Header Leaderboard Ad


RepeatMasker & RepeatScout



No announcement yet.
  • Filter
  • Time
  • Show
Clear All
new posts

  • RepeatMasker & RepeatScout

    Hello there,

    I was wondering whether anybody on this list could knows how to run RepeatScout (1.0.5) and RepeatMasker (3.2.8).

    Basically I have a new genome, and want to use RepeatScout to make a
    library for RepeatMasker.

    Here is what I do:

    build_lmer_table -sequence genome.fa -freq genome.fq
    RepeatScout -sequence genome.fa -output repeats.fa -freq genome.fq
    filter-stage-1.prl repeats.fa &> repeats.fa.filter_1
    RepeatMasker genome.fa -e abblast -lib repeats.fa.filter_1

    Do I use the correct file for -lib?
    RepeatMasker is still complaining about not finding Libraries/RepeatMasker.lib
    and Libraries/RepeatmaskerLib.embl.

    Thanks a lot in advance for any help.

  • #2
    Here is a recipe how to install and run RepeatScout:


    Hope it helps,



    • #3
      I actually followed those instructions.

      RepeatMasker is complaining still about missing libraries (ie Libraries/RepeatMasker.lib etc) and advises to get something from www.girinst.org.
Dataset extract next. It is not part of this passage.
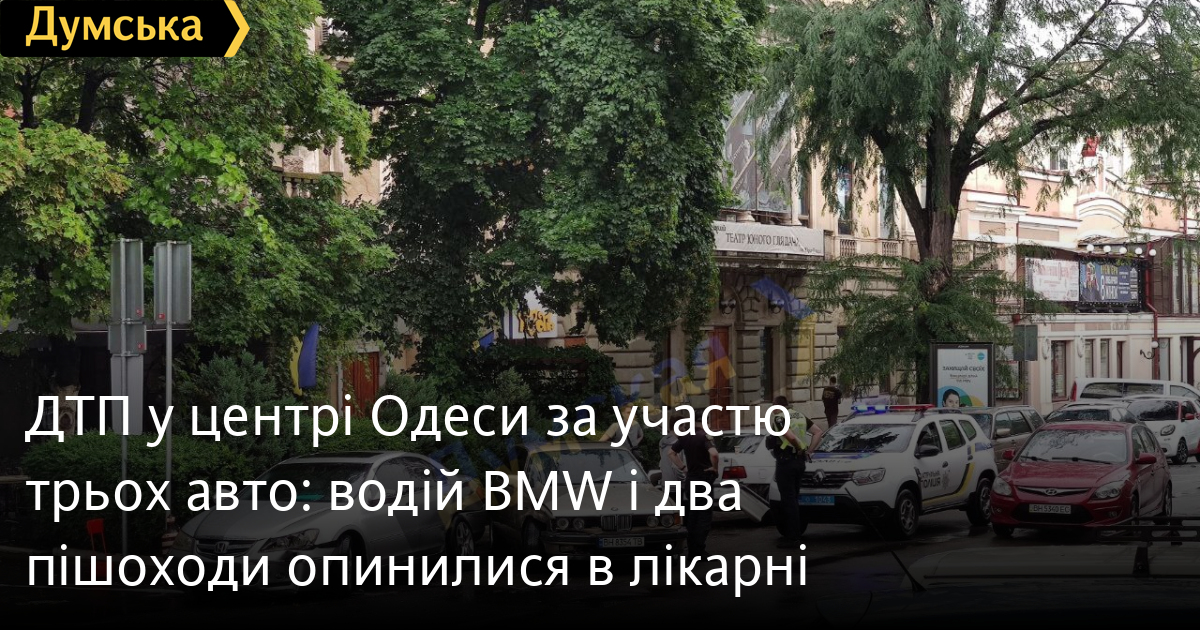 ДТП у центрі Одеси за участю трьох авто: водій BMW і два пішоходи опинилися в лікарніДТП за участю трьох автомобілів сталася вранці 26 червня в центрі Одеси. Як повідомили у пресслужбі патрульної поліції, на вулиці Грецькій водій BMW допустив зіткнення з припаркованою Honda, яку відкинуло на двох пішоходів. Після цього BMW продовжив рух і зіткнувся з іншим автомобілем BMW. Унаслідок пригоди двох пішоходів і водія першого «бумера» госпіталізували. Помітили помилку? Виділяйте слова з помилкою та натискайте control-enter Новини по цій темі: 30 серпня 2025: Машина вилетіла в кювет: мер Рені потрапив в аварію, його мати загинула, а маленький син у лікарні (фото) 18 серпня 2025: Троє загинули, один у лікарні: на трасі Одеса-Рені водій Mercedes не пропустив фуру (фото) 28 липня 2025: П'яний на "Ягуарі" або гіпертонік? Звільнений топ-посадовець одеської поліції хоче повернутися на службу 2 квітня 2025: В Одесі водій BMW спровокував аварію, в якій постраждали п`ятеро людей, і втік (фото, відео) |

      The whole point of running RepeatScout for me is to build my own library. Is there a flag to teach RepeatMasker not to look for those libraries or is there a reason RepeatMasker must have those libraries?


      • #4
        Hi Zimbobo,

        Can I ask you how you edit the perl script, filter-stage-1.prl to allow it point to the TRF path that we install?
        Which line of filter-stage-1.prl that we need to edit the path of TRF?
        My server keep on shown the below message:
        "No such file or directory at ./filter-stage-1.prl line 110"
        Thanks a lot for your sharing and guiding.


        • #5

          hello everyone
          i m try to work with repeatscout but every time when i m runninf filter-stage-1.prl, the filtered library generated is created empty( no data)..... any solution???


          • #6
            same thing happened to me -- the filtered output file is empty after running for a very long time. it was run on a repeat-rich genome.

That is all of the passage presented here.